[Dataset excerpts]
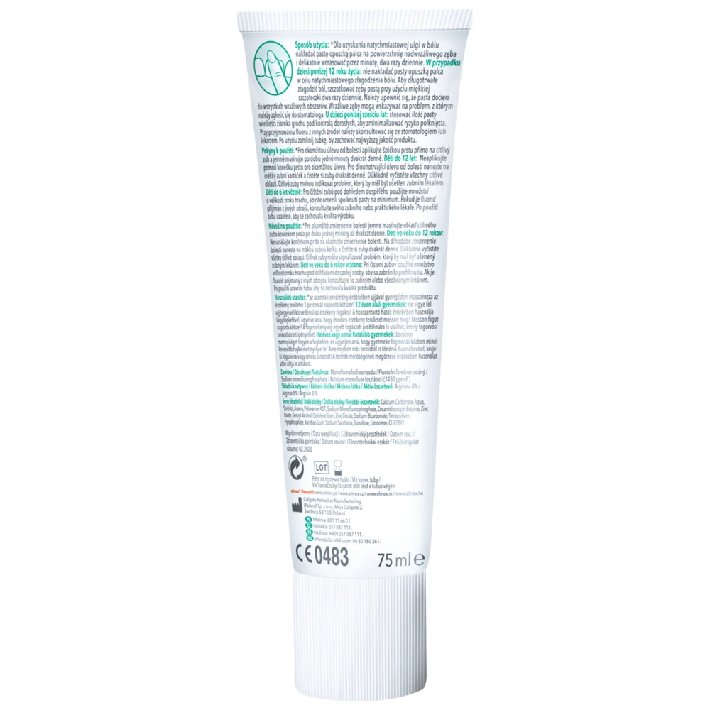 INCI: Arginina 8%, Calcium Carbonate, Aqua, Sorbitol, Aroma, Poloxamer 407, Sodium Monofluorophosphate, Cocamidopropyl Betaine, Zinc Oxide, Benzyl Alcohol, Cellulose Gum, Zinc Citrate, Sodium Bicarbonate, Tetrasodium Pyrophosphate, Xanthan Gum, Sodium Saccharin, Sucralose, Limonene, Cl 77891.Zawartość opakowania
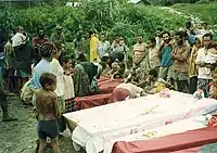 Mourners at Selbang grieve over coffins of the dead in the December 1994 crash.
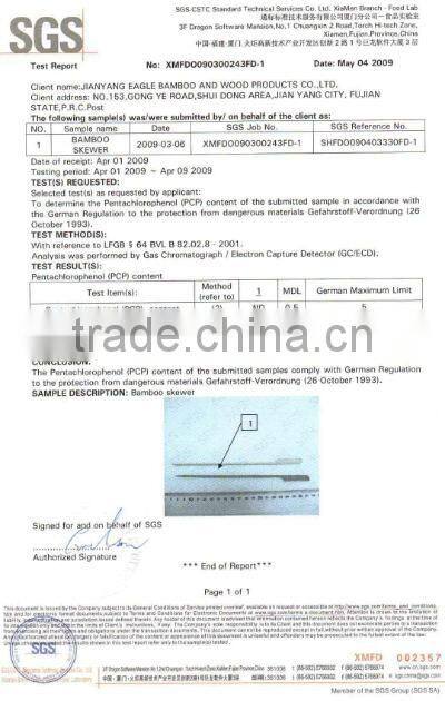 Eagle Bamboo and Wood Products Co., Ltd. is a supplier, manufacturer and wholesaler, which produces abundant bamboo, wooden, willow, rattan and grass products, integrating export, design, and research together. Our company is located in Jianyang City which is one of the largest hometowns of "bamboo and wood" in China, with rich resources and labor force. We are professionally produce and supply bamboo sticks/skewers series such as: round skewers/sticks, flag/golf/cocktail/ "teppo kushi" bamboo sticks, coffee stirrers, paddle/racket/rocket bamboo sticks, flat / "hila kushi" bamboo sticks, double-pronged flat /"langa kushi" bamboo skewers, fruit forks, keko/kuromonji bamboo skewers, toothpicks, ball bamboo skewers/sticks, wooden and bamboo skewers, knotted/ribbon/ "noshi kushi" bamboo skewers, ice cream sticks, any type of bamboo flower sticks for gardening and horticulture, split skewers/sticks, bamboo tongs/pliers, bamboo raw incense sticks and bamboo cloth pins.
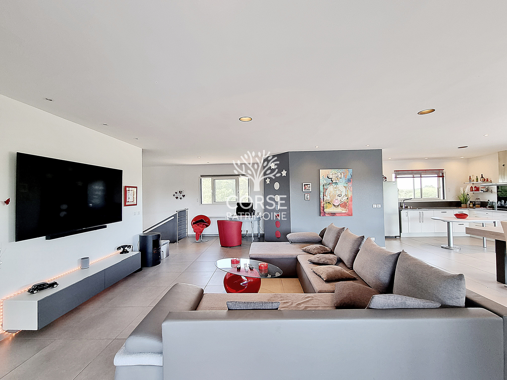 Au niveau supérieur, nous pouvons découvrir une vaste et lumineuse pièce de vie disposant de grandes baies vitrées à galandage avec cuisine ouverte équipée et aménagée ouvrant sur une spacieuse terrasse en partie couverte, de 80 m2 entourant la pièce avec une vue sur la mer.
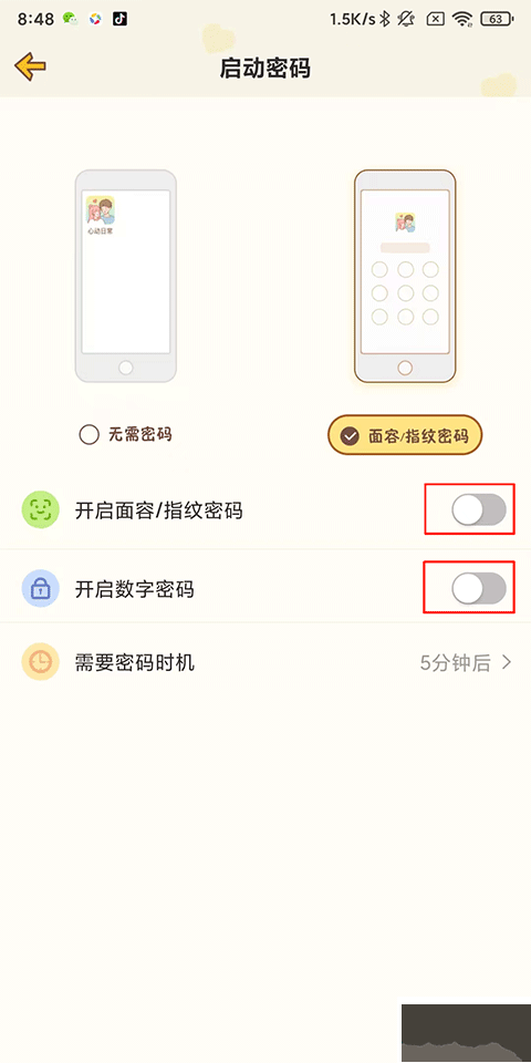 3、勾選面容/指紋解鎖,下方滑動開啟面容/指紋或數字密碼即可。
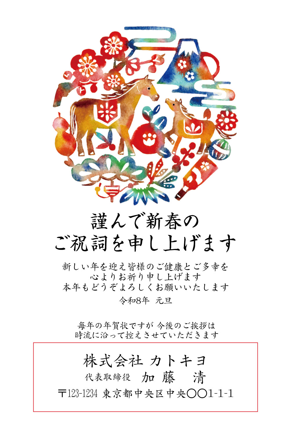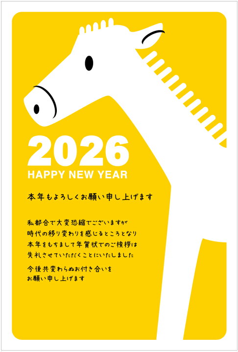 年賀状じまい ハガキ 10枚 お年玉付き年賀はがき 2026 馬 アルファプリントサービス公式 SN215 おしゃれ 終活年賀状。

## Exercise description
Before answering, find the line with "Mourners at Selbang" in the records above; then reproduce exactly each line from the first through that line, leaving out pictures.

## Written answer
 INCI: Arginina 8%, Calcium Carbonate, Aqua, Sorbitol, Aroma, Poloxamer 407, Sodium Monofluorophosphate, Cocamidopropyl Betaine, Zinc Oxide, Benzyl Alcohol, Cellulose Gum, Zinc Citrate, Sodium Bicarbonate, Tetrasodium Pyrophosphate, Xanthan Gum, Sodium Saccharin, Sucralose, Limonene, Cl 77891.Zawartość opakowania
 Mourners at Selbang grieve over coffins of the dead in the December 1994 crash.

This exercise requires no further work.